If there’s a distinct segment games haven’t actually crammed, it’s lazy Sunday morning telly. Something for when your gran’s spherical, with a scorching cuppa and the mild patter of a lightweight bathe tapping in opposition to the home windows. This week, Dovetail Games are flicking the channel over to Great British Railway Journeys, a Train Simulator spin-off that’s delivering Michael Portillo’s frightfully English BBC Two collection to Steam on March fifth.
Ooh, it’s all so awfully Tory, isn’t it? Pass the biscuits, Michael.
Great British Railway Journeys is a licensed spin-off from Dovetail’s Train Simulator collection. But reasonably than painstakingly recreating each final cab, carriage and commuter line in Britain, GBRJ has hand-picked 5 routes from the George Bradshaw’s Handbook, a “comprehensive tourist guide” of the nation’s railways launched in 1840 and the impetus behind the present’s escapades.
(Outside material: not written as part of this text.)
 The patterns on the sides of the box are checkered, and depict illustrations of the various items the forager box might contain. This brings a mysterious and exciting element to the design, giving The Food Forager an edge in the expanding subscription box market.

Unfortunately, it doesn’t sound like presenter Michael Portillo will present dulcet commentary of your digital journeys himself. His involvement begins and ends with a PR soundbite, praising the “level of realism and extraordinary detail” of GBRJ, making it really feel “exactly like being in the driving seat of a train.”
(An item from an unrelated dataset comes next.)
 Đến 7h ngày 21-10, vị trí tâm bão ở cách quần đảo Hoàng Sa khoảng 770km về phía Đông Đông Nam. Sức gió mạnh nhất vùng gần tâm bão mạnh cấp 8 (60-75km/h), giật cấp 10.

I’d bloody nicely hope so, Michael. It’s a practice simulator.
Never actually understood what’s so nice about British practice rides, myself. Oh, we’ve received some beautiful views on the market, however they’re no precisely low cost. Costs me thrice as a lot to catch a practice all the way down to London because it does to fly, and that’s once we’re not getting circled at Berwick-Upon-Tweed due to all of the flooding. Even then, half the routes within the English North are nonetheless utilizing pacers, successfully an historical metal bus with some rail wheels slapped on.
Pending sheep on the road or additional flooding, Great British Railway Journeys will pull into Steam‘s station on Wednesday 4th.